What happens when western pop music meets the traditional sounds of one of Africa’s oldest tribes?
Charlie Simpson, who some may recognise from British band, Busted, recorded a song with the descendants of the oldest humans on earth, the San people.
The singer travelled to the village of Grashoek in north-east Namibia last year as part of a new series called Singing In The Rainforest where various singers and bands make music with indigenous tribes around the world.
The project has the potential to come across as tasteless – white man brings western music to African tribe- but it ended up as a two-way learning process and the end result is actually rather beautiful.
After the show airs the song is available to buy on iTunes and all the money raised goes to help the San tribe.
Simpson brought his electric guitar and western pop music to a tribe where music is a means for communicating with ancestors and is not categorised into verses or a chorus.
“I started playing a song in return called Emily off my last solo record, it’s quite slow, like a ballad,” explained Simpson.
“Some of the men in the tribe started crying. It was just the most touching experience and I was blown away by it. They all came up and hugged me.”
Similarly, Simpson absorbed himself in the music of the San people.

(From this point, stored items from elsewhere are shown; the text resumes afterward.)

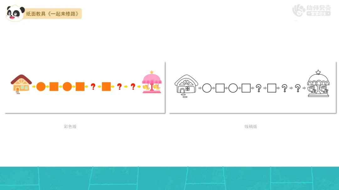 1.发放纸面教具《一起来修路》,幼儿动手按规律排序。
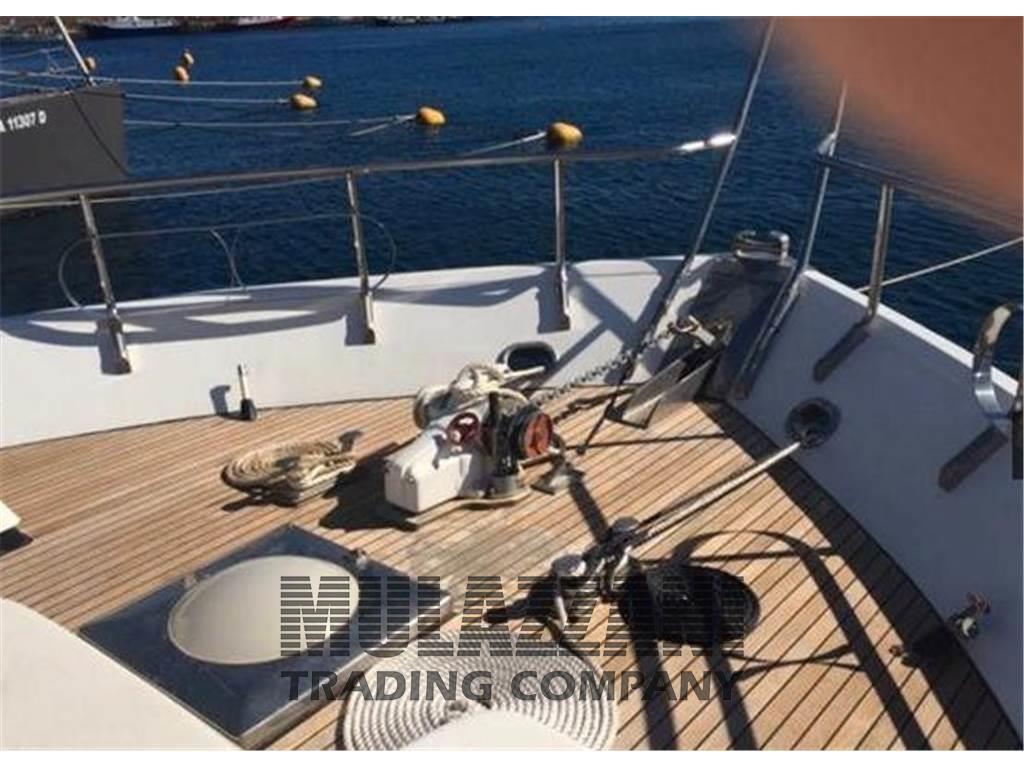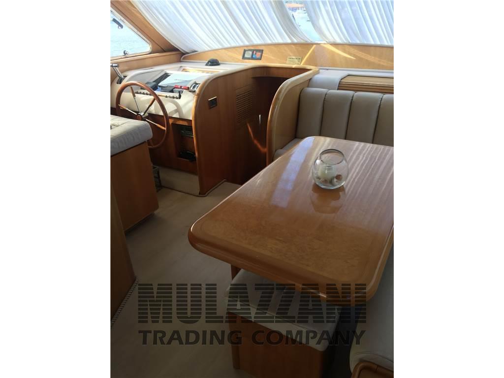 Allarme motore, Allarme sentina, Ancora, Angolo barra, Autoclave, Autogonfiabile, 5 Batterie, Bussola, Camminamenti laterali in teak, Caricabatterie, Contamiglia, Display, Doccia esterna, Ecoscandaglio, Elica di prua - bow thruster, Flap idraulici, GPS, Indicatori Flaps, Interfono, Lavaggio catena, Pannelli Solari, Passerella, Piattaforma, Pilota automatico, Pompa di sentina elettrica, Pompa di sentina manuale, Porta ingresso, Porta laterale, Pozzetto Teak, Presa 220V banchina, Presa acqua banchina, Radar, Raddrizzatore, 2 Radio VHF, Salpa Ancore Elettrico, Scaletta da bagno, SSB, Tavolo pozzetto, Tender, Tromba, Winch Elettrico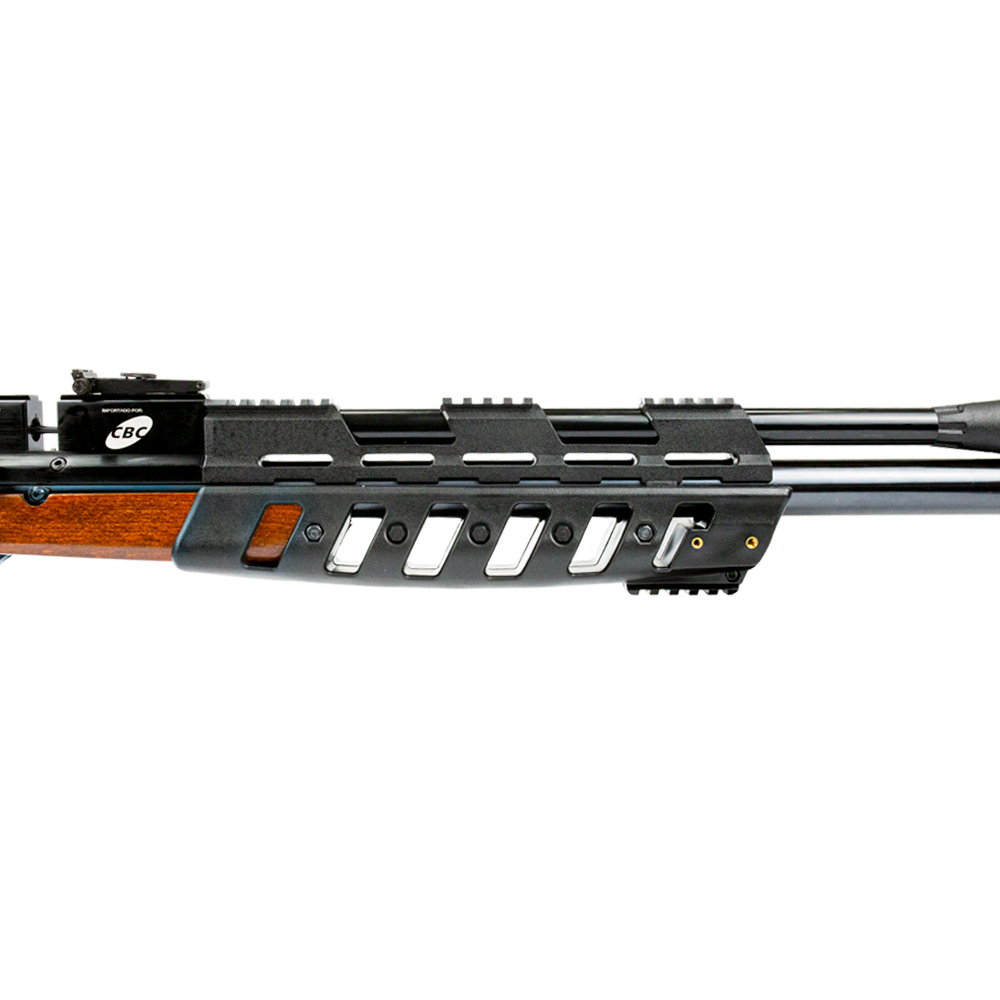 Carabina CBC com Trilhos picatinny de 20mm compatível com diversos acessórios, como mira, lanterna, bipé, etc. Os trilhos estão localizados na parte superior, lateral e inferior.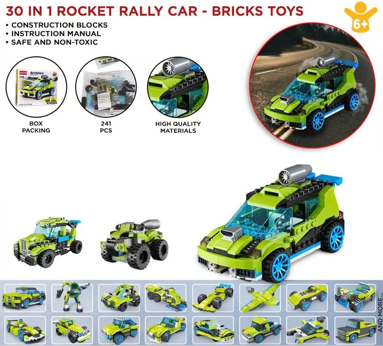 30-in-1 ریلی کار بلڈنگ بلاکس سیٹ - 241 ٹکڑوں کا تعمیراتی کھلونا 6+ بچوں کے لیے - 3128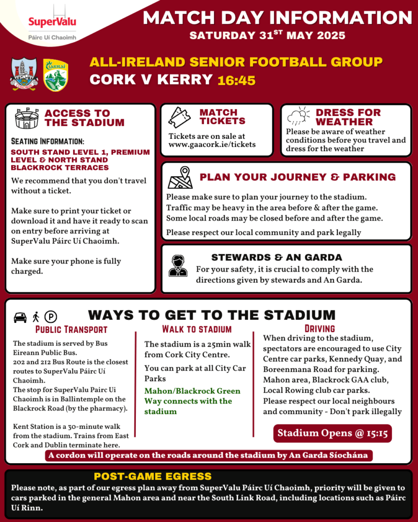 Match Day Stadium Information | Cork vs Kerry

He told the Telegraph: “Listening to the women’s singing and clapping, one thing that struck me was they syncopate the claps to make a rhythm and that’s not easy.”
Somehow, despite the vast differences in sound, Simpson and the San managed to incorporate their sounds into one song: Walking with the San.
In the song, the San tribe sing Simpson’s lyrics in their language.
The song goes like this:
“Open up your eyes, there is nowhere left for us to hide, I get the feeling that we’re lost in San today, and there are no disguises.
Walking with the San, we are nothing but strangers to this land, can we keep it in our hearts until we can live this way again.”